Start of SOURCE MATERIAL

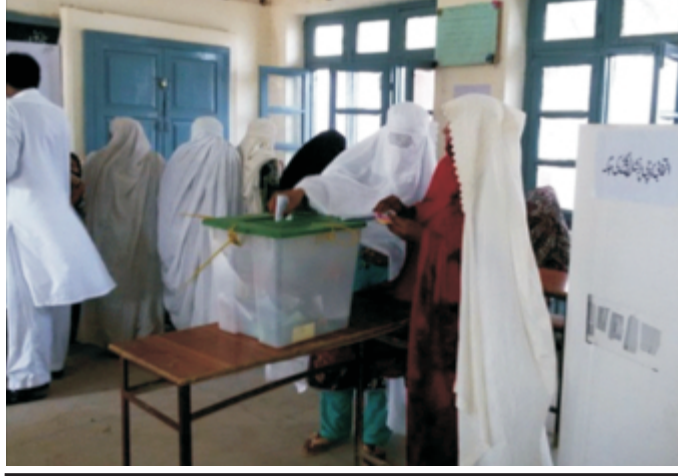
Women Casting their Votes in LG Polls in DI Khan.

Article 140(A) of the Constitution explicitly states, "Each Province shall, by law, establish a local government system and devolve political, administrative, and financial responsibility and authority to the elected
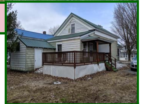
Rear View of Home

MLS# S1174330 204 Academy Street Boonville, NY 13309
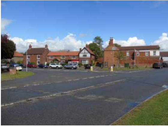
1. Street scene core area
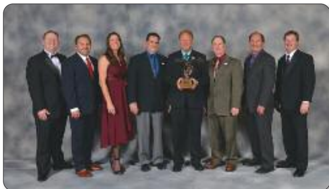
RTN Roofing Systems, LLC Loveland, Colorado
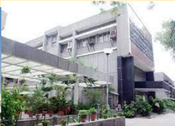
PDUNIPPD, New Delhi

(Institutes under the Department of Empowerment of PwDs (Divyangjan), Ministry of Social Justice & Empowerment, Government of India)
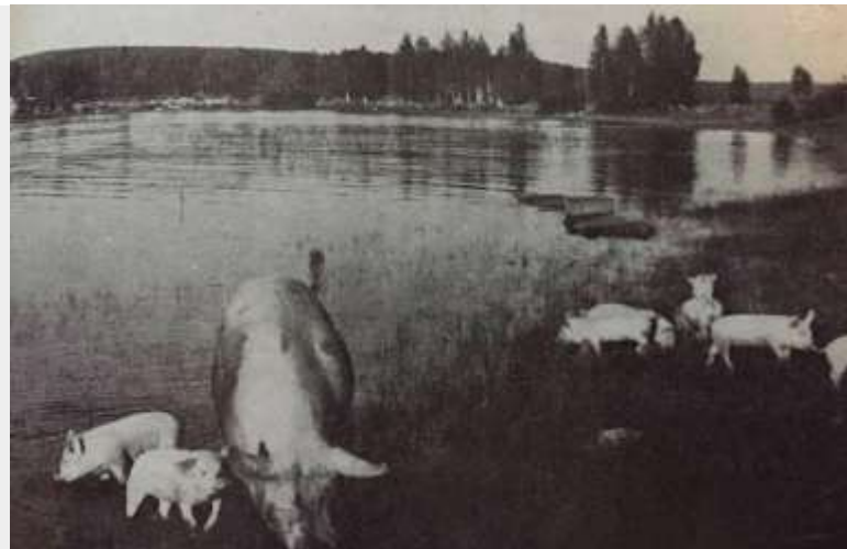
Sow and her piglets by the lake. Sika - Suomen Sianjalostusyhdistyksen tiedonantoja 165. 1962.

End of SOURCE MATERIAL

- INSTRUCTIONS TO FOLLOW
No picture belongs in the copy. Print every entry above exactly as it stands.

- FINISHED TASK
Women Casting their Votes in LG Polls in DI Khan.

Article 140(A) of the Constitution explicitly states, "Each Province shall, by law, establish a local government system and devolve political, administrative, and financial responsibility and authority to the elected
Rear View of Home

MLS# S1174330 204 Academy Street Boonville, NY 13309
1. Street scene core area
RTN Roofing Systems, LLC Loveland, Colorado
PDUNIPPD, New Delhi

(Institutes under the Department of Empowerment of PwDs (Divyangjan), Ministry of Social Justice & Empowerment, Government of India)
Sow and her piglets by the lake. Sika - Suomen Sianjalostusyhdistyksen tiedonantoja 165. 1962.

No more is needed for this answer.